Just wondering, but are you guys only including US schools? I was interested in IFC (http://www.internationalfilmcollege.com/) but I have absolutely no clue about any of this past browsing Google searches trying to learn. I was hoping for a year at an english speaking foreign school, and then a degree back in the U.S. after that. Im currently attending SCSU in Minnesota for film studies as a starting point.


----------



## solojones (Jul 2, 2011)

UCLA's production school has been steadily declining in actuality and in reputation for the past decade or so. The money problems in the UC system have just made it very hard for them to keep up with private schools. Nothing personal against UCLA, it's just a problem all in the whole UC system. They also can't pay faculty as well. 

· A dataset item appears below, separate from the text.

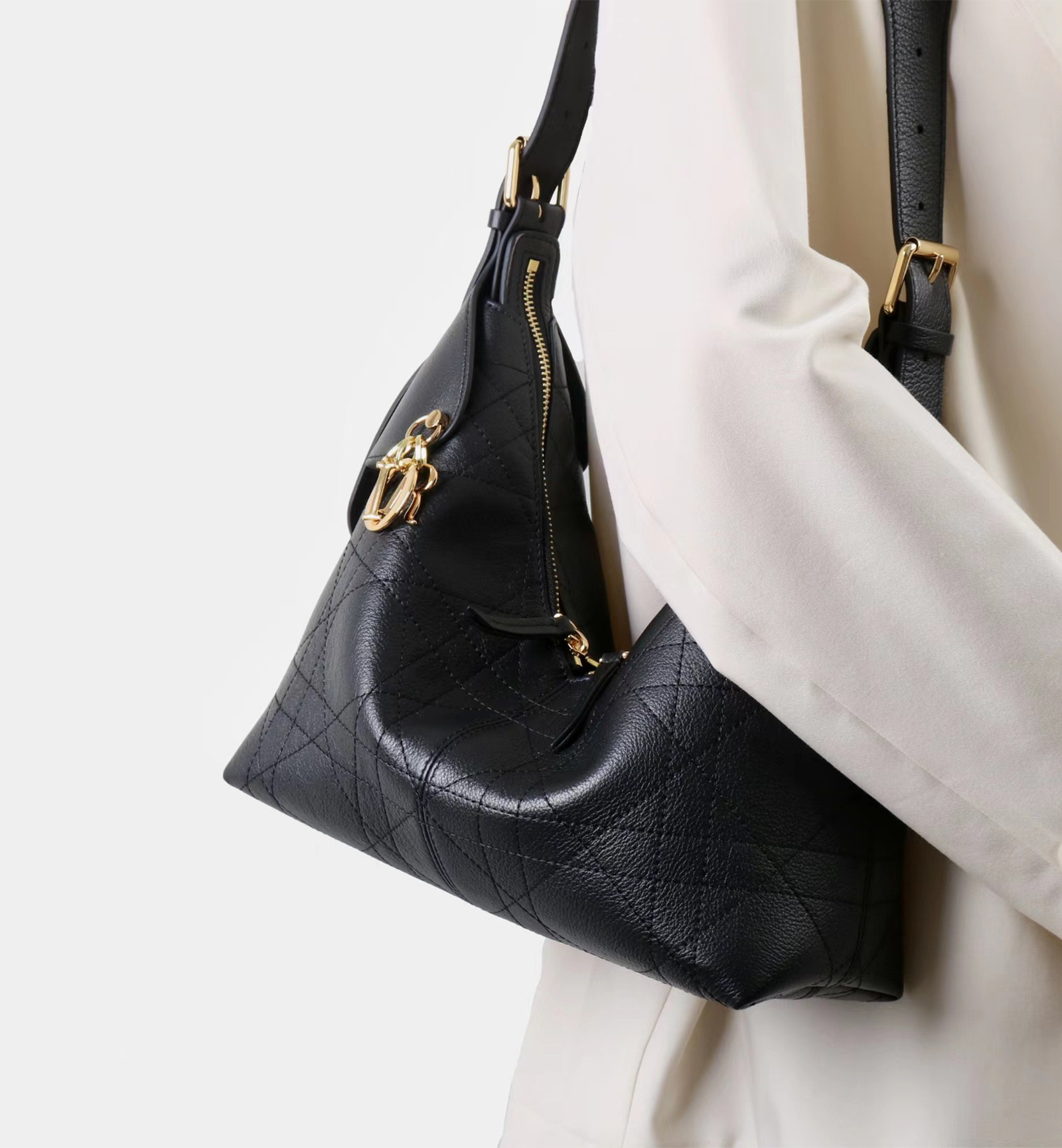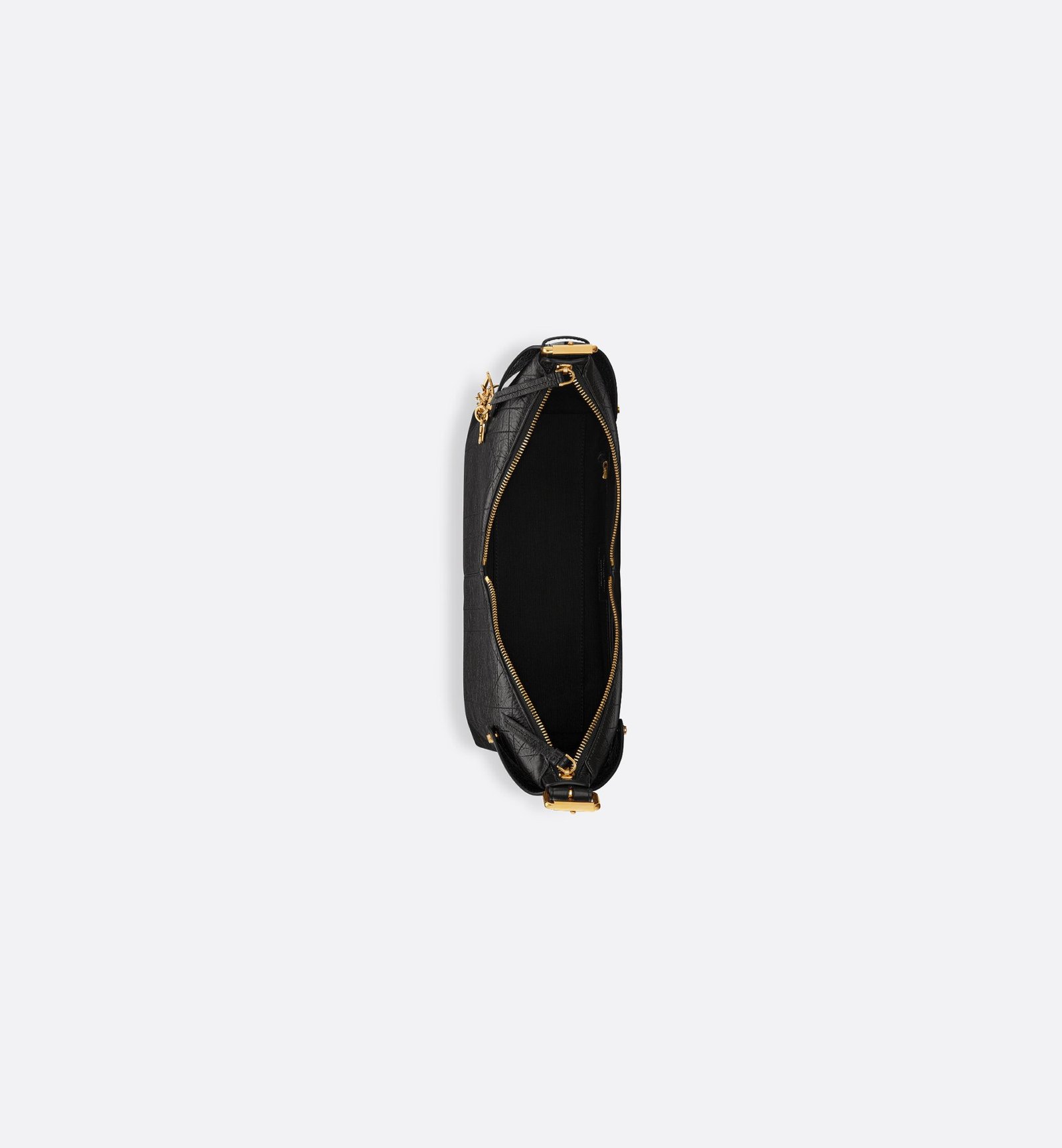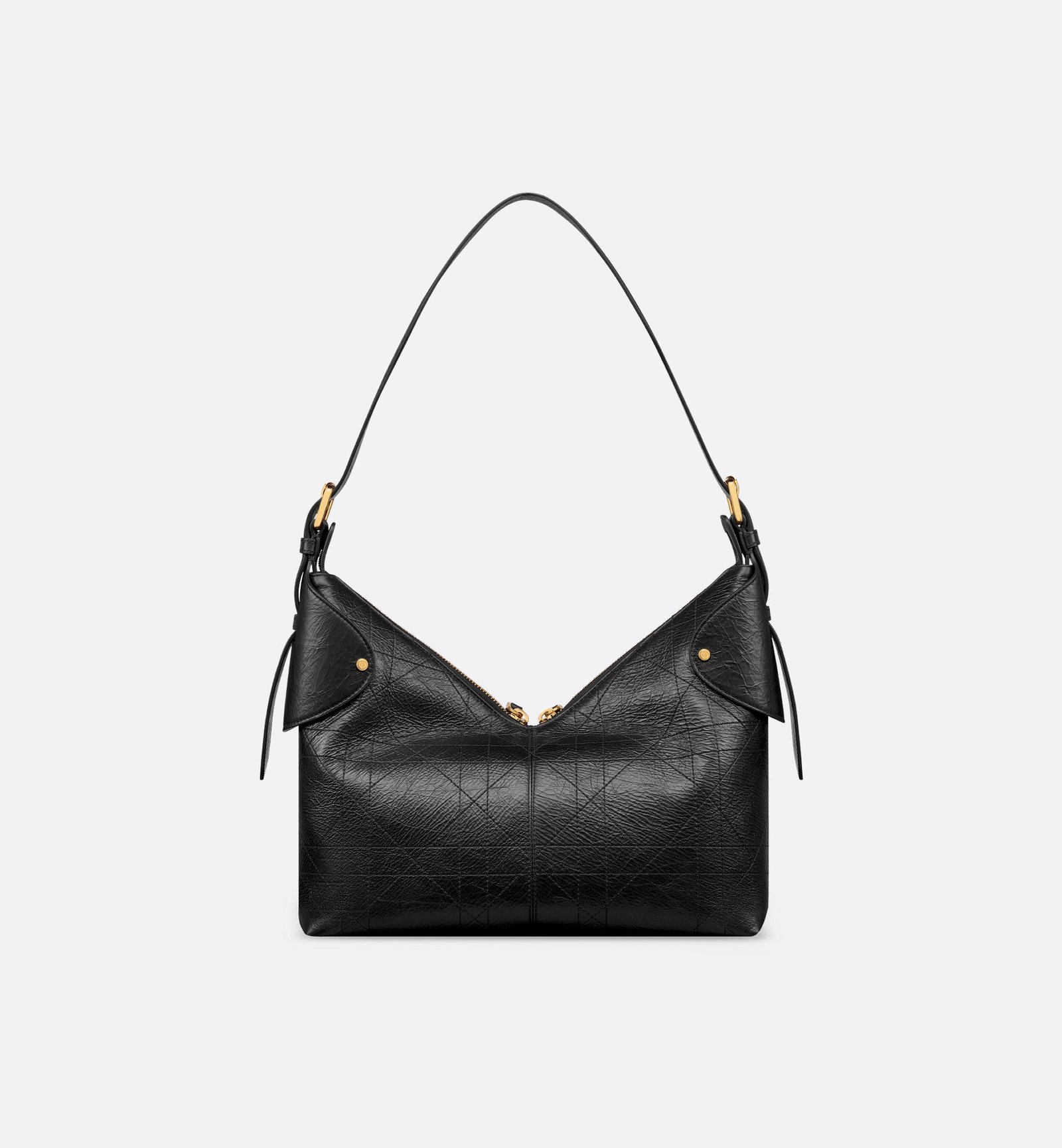- Crinkled Calfskin Leather with Flat Oversized Cannage: Meticulously crafted from black crinkled calfskin leather, the bag features Dior’s reimagined flat oversized Cannage quilting—an artistic take on the brand’s heritage that adds texture and sophistication.

In any case, it's true also that film school is what you make of it. And it really depends on what you want to do when you graduate, too. And what you think you want to do might not be what you wind up doing anyway. 

One of the advantages that Chapman has is that if you want to do something specific like cine, editing, or sound design, you can focus on that and not have to worry about the general jostle and "omg everyone wants to direct!" that can show up at schools like USC or UCLA. It's an advantage to AFI as well, though AFI's facilities are so so. But again, it's what you make of it. And I could certainly think of a lot of downsides to Chapman, too  I just think as the least established schools, it needs the most help from students to explain the benefits.


----------



## JacksonFilms (Jul 3, 2011)

As you are doing your research, you should be looking at places and situations that you would feel comfortable in.  Top Ten lists, Tiers, Awards are all superficial and on any given Tuesday afternoon during the school year, criteria like those aren't really going to matter.

Answer these questions first...
Are you a city person or would a smaller town be better?
Do you want to compete with 300 undergrads for lab/instructor/gear time or would you like a smaller program?
What can you afford now and how much loan debt can you handle after you graduate?
Can you bike to class or do you need a car?
What kind of personal EXPERIENCE do you want to have?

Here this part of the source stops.